++++ Data segment

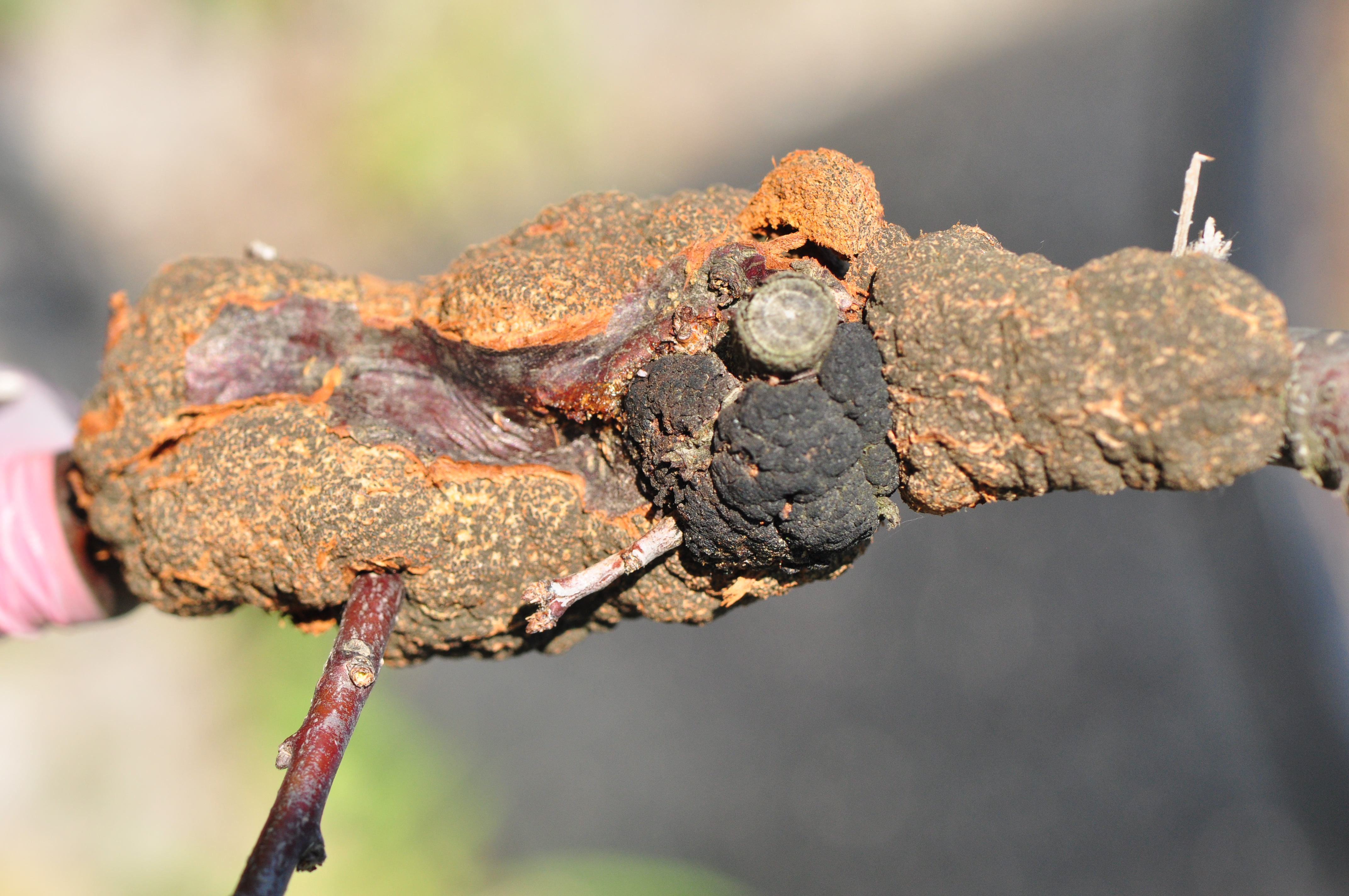 Pruning and destroying knots should be your first line of defence. All knot removal should be completed before the new shoots that develop in late bloom are exposed to infection. The black knot fungus is present in limbs well beyond where knots are visible so prune a minimum of 15 cm below the knot. Knots can release ascospores for up to 4 months after they are removed from the tree. Brush piles should be burned to completely eradicate knots. Flail mowing knots into small pieces will also reduce knot viability and ascospore release.
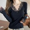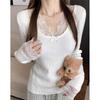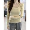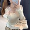 Aprikosenfarbenes Spitzenlangarmshirt für Damen-Herbstbekleidung, kann außen getragen werden, schlank und dünn, reines Wunsch-Unterhemd, gestrickter Pullover
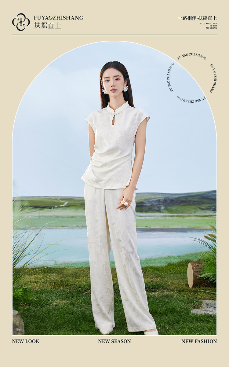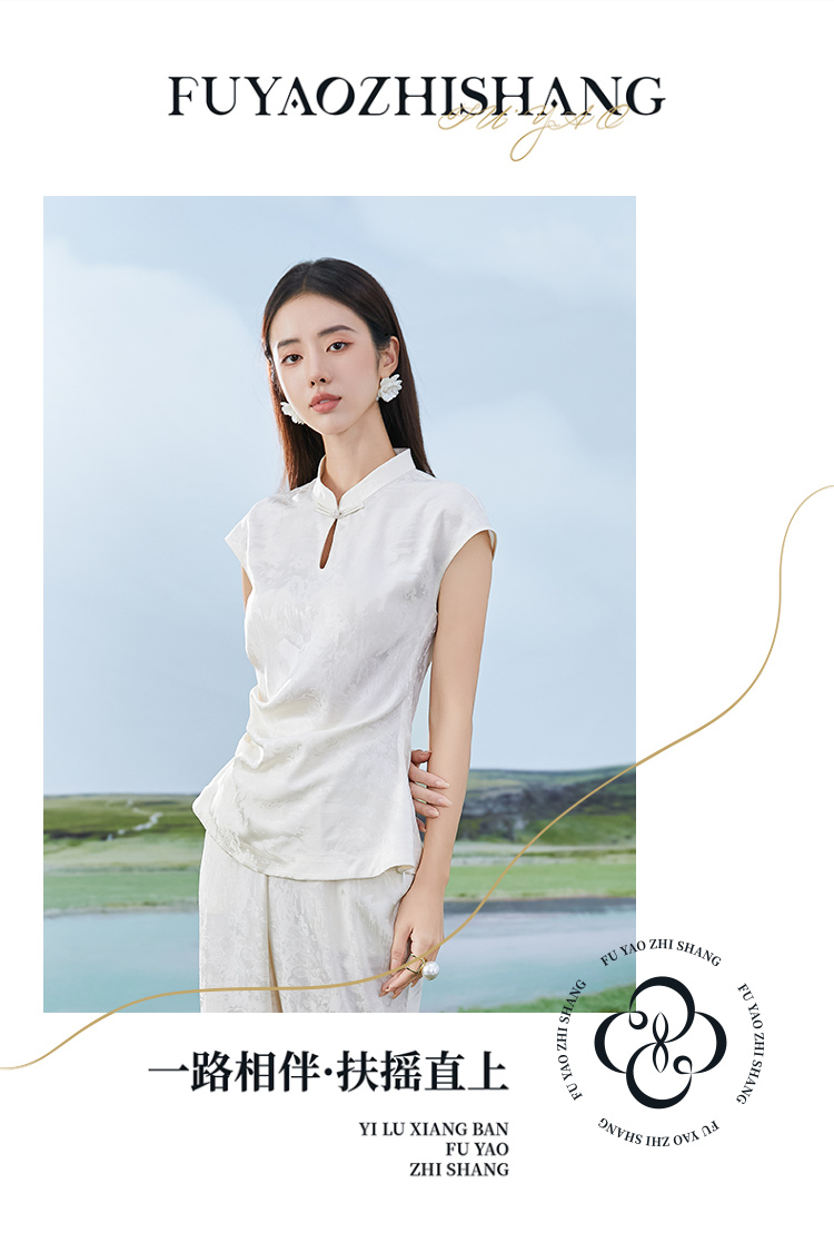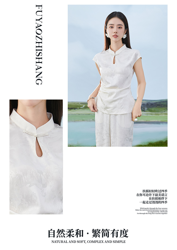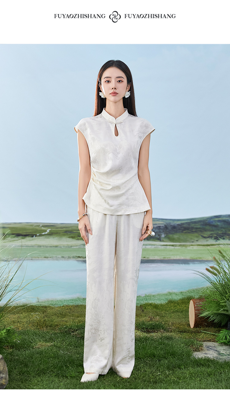 IWY/扶摇系列 杏色夏季新中式盘扣无袖醋酸衬衫阔腿裤套装24FYBP355

++++++++

▶ [What is required] Pictures must be left out. Repeat exactly the lines from the one containing "Aprikosenfarbenes Spitzenlangarmshirt für" through the final line of the data.

▶ [Answer section]
 Aprikosenfarbenes Spitzenlangarmshirt für Damen-Herbstbekleidung, kann außen getragen werden, schlank und dünn, reines Wunsch-Unterhemd, gestrickter Pullover
 IWY/扶摇系列 杏色夏季新中式盘扣无袖醋酸衬衫阔腿裤套装24FYBP355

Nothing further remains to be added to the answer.